Experimental demonstration of weak-light inter-spacecraft clock jitter readout for TianQin

Opt Express. 2023 Oct 9;31(21):34648-34666. doi: 10.1364/OE.503164.

Abstract

The space-based gravitational wave detection mission, TianQin, requires high-level synchronization between independent clocks of all spacecrafts to extract the gravitational wave signals. It is necessary to measure the inter-spacecraft relative clock jitter based on laser phase-sideband clock transfer. The main challenge is the tracking and locking of clock sideband beatnote signals with low signal-to-noise ratio and frequency variation. In this paper, a systematic scheme of inter-spacecraft clock jitter readout is reported. The requirement of the clock transfer link for TianQin based on the time-delay interferometry algorithm is derived.
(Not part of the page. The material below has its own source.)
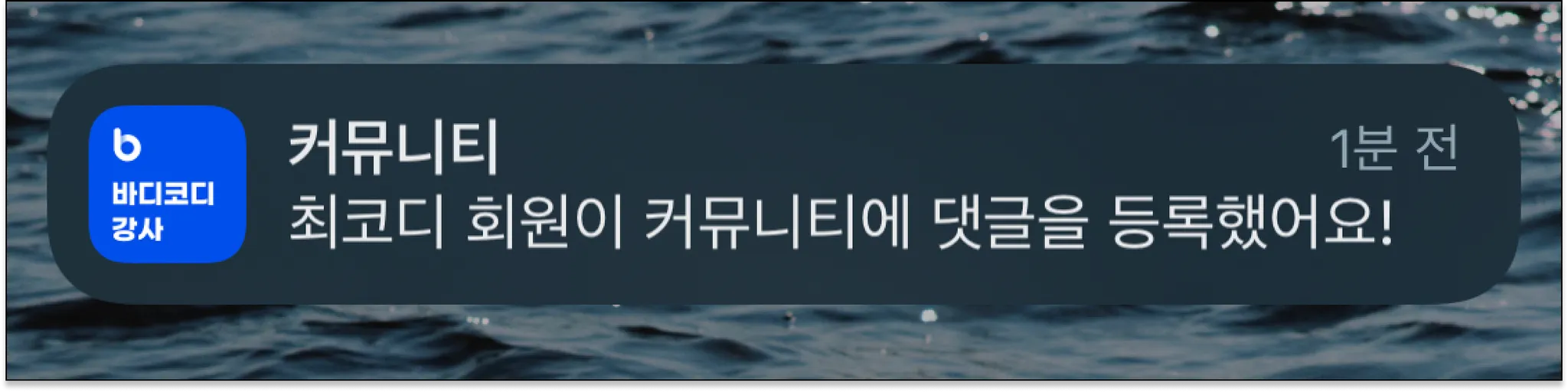 회원이 댓글을 달면 푸시 알림으로 알려줘요.

A bi-directional laser interferometer system with a transmission optical power below 1 nW and a time delay of ∼50 µs is built up to demonstrate the weak-light clock transfer. In this scheme, frequency modulation is performed on the laser to simulate the inter-spacecraft Doppler frequency shift and its variation. Based on electrical and optical clock transfer comparison experiments, it is demonstrated that the GHz frequency synthesizer is the main noise source below the 50 mHz frequency range. The residual clock jitter noise introduced by the optical transfer link is below 40 fs/Hz1/2 above the 6 mHz frequency range, and the fractional frequency instability is less than 6.7 × 10-17 at 1000 s, which meets the requirement of the TianQin mission. Ultimately, The carrier phase measurement accuracy reaches 1 × 10-4 cycles/Hz1/2 above 6 mHz after differential clock noise correction using measured clock jitter.